:: Assigned task ::
Would you return the listing exactly as written, apart from its pictures?

:: Supplied data ::
________________________

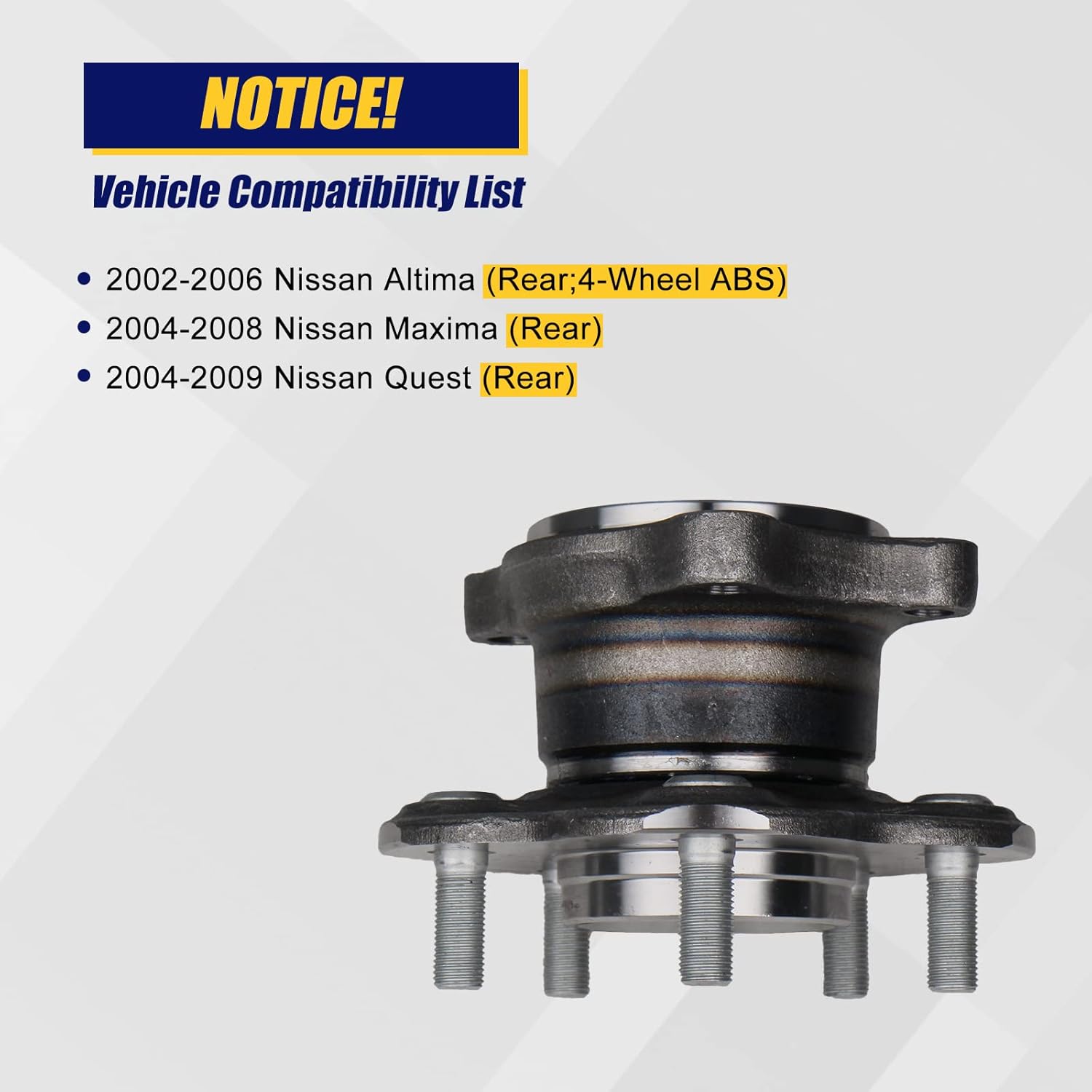 – 512201 Wheel Bearing and Hub Assembly é uma substituição perfeita para o Nissan Altima (Traseiro; 4-Rodas ABS) de 2002 a 2006, Nissan Maxima (Traseiro) de 2004 a 2008 e Nissan Quest (Traseiro) de 2004 a 2009.
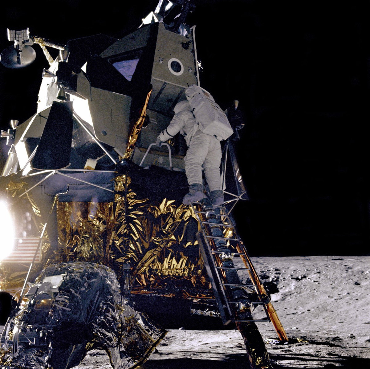 Alan Bean slézá ze žebříku lunárního modulu, aby se přidal k Peteovi Conradovi, který již postává na měsíčním povrchu. (foto: NASA, CC0)
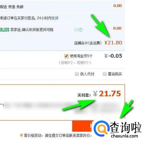 勾选使用淘金币抵钱后,即时,在店铺总计这里自动减去了淘金币抵扣的金额,显示为实付款;如图所示,我们核对无误后,再提交订单进行付款即可。
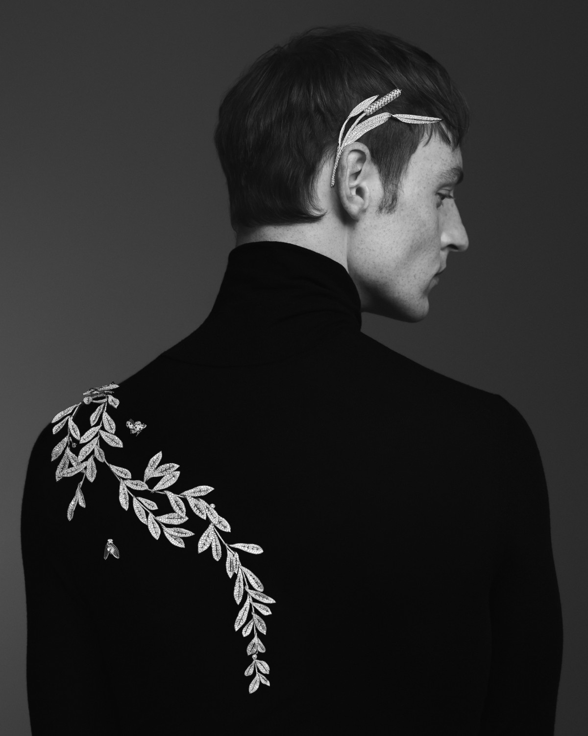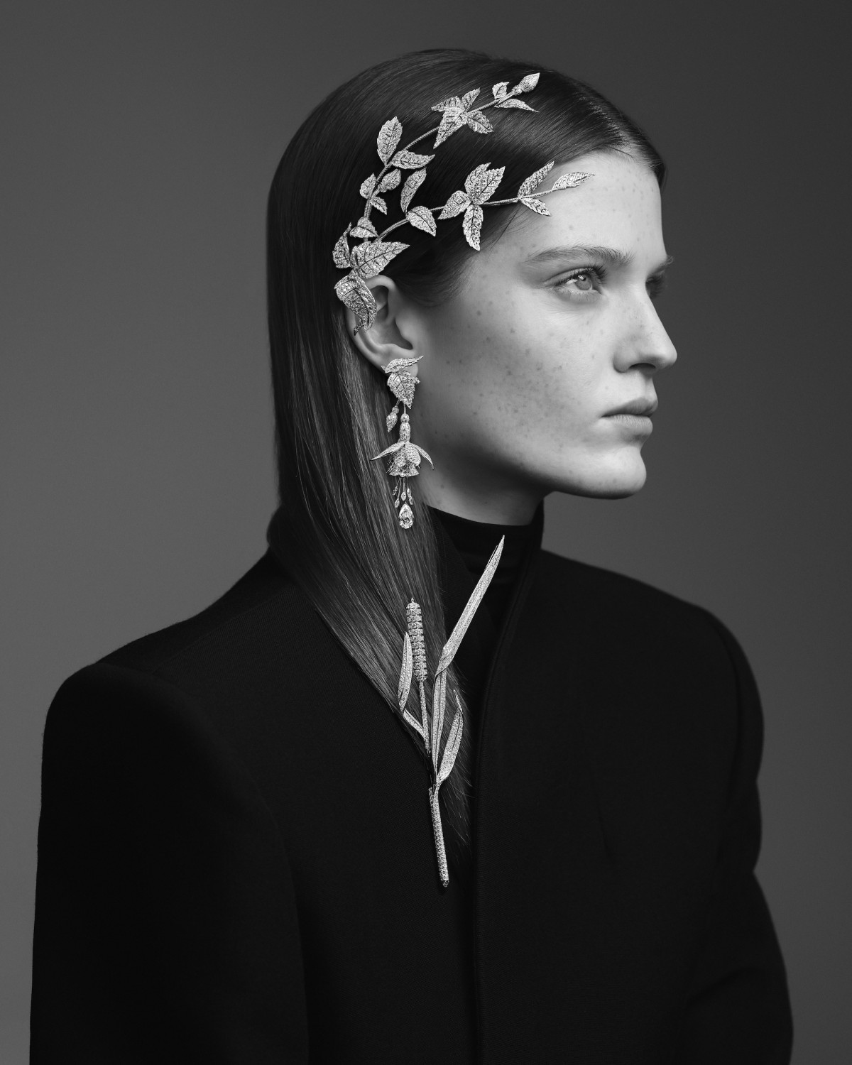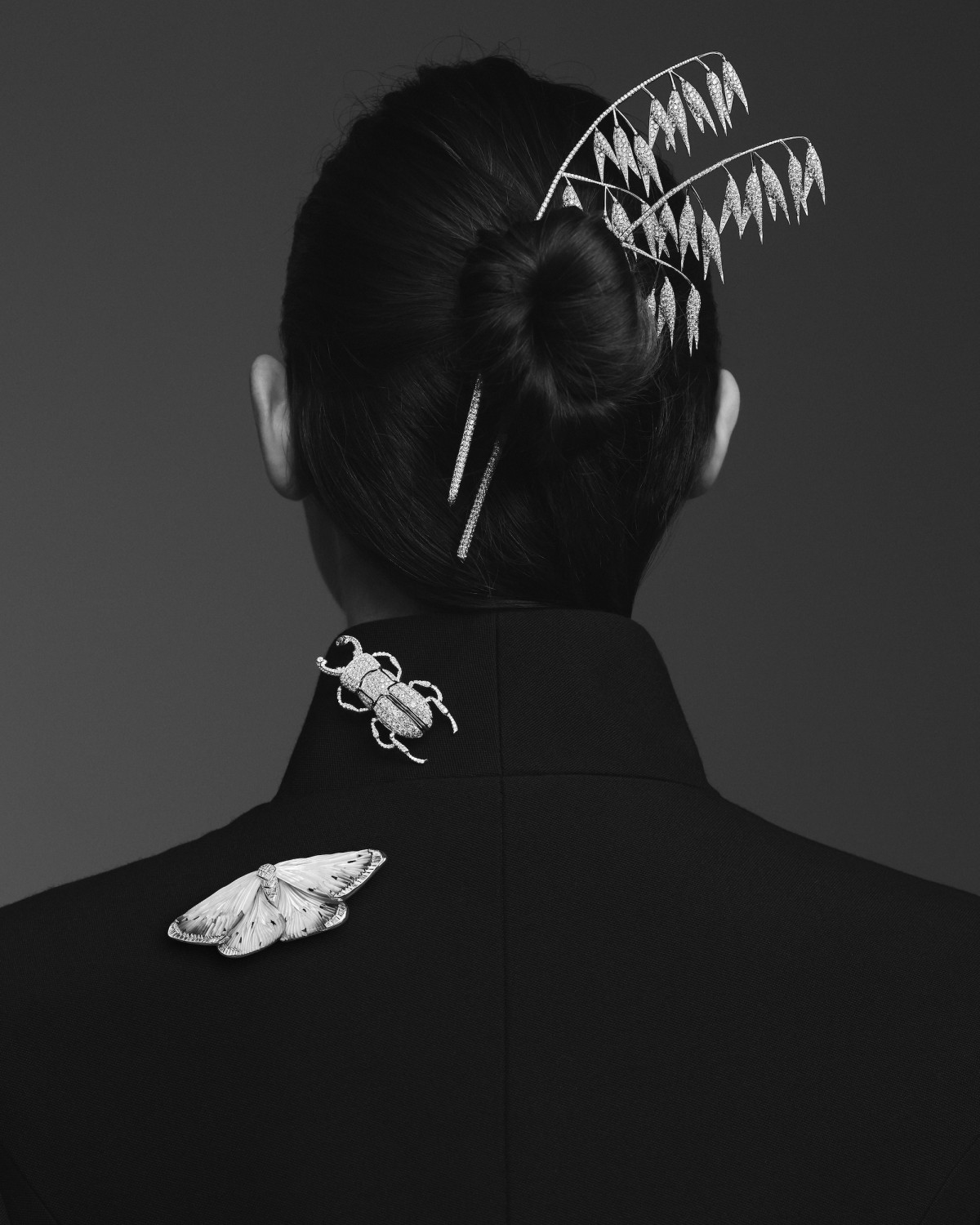 В этом сезоне для брошей была разработана инновационная система крепления, которая надежно фиксирует украшения, обеспечивая комфорт, а также техника огранки паве, которая придает камням блеск, закрепляя их на металлических стеблях. Это создает иллюзию, будто драгоценные камни естественным образом прорастают из растения.

________________________

:: The completed task ::
 – 512201 Wheel Bearing and Hub Assembly é uma substituição perfeita para o Nissan Altima (Traseiro; 4-Rodas ABS) de 2002 a 2006, Nissan Maxima (Traseiro) de 2004 a 2008 e Nissan Quest (Traseiro) de 2004 a 2009.
 Alan Bean slézá ze žebříku lunárního modulu, aby se přidal k Peteovi Conradovi, který již postává na měsíčním povrchu. (foto: NASA, CC0)
 勾选使用淘金币抵钱后,即时,在店铺总计这里自动减去了淘金币抵扣的金额,显示为实付款;如图所示,我们核对无误后,再提交订单进行付款即可。
 В этом сезоне для брошей была разработана инновационная система крепления, которая надежно фиксирует украшения, обеспечивая комфорт, а также техника огранки паве, которая придает камням блеск, закрепляя их на металлических стеблях. Это создает иллюзию, будто драгоценные камни естественным образом прорастают из растения.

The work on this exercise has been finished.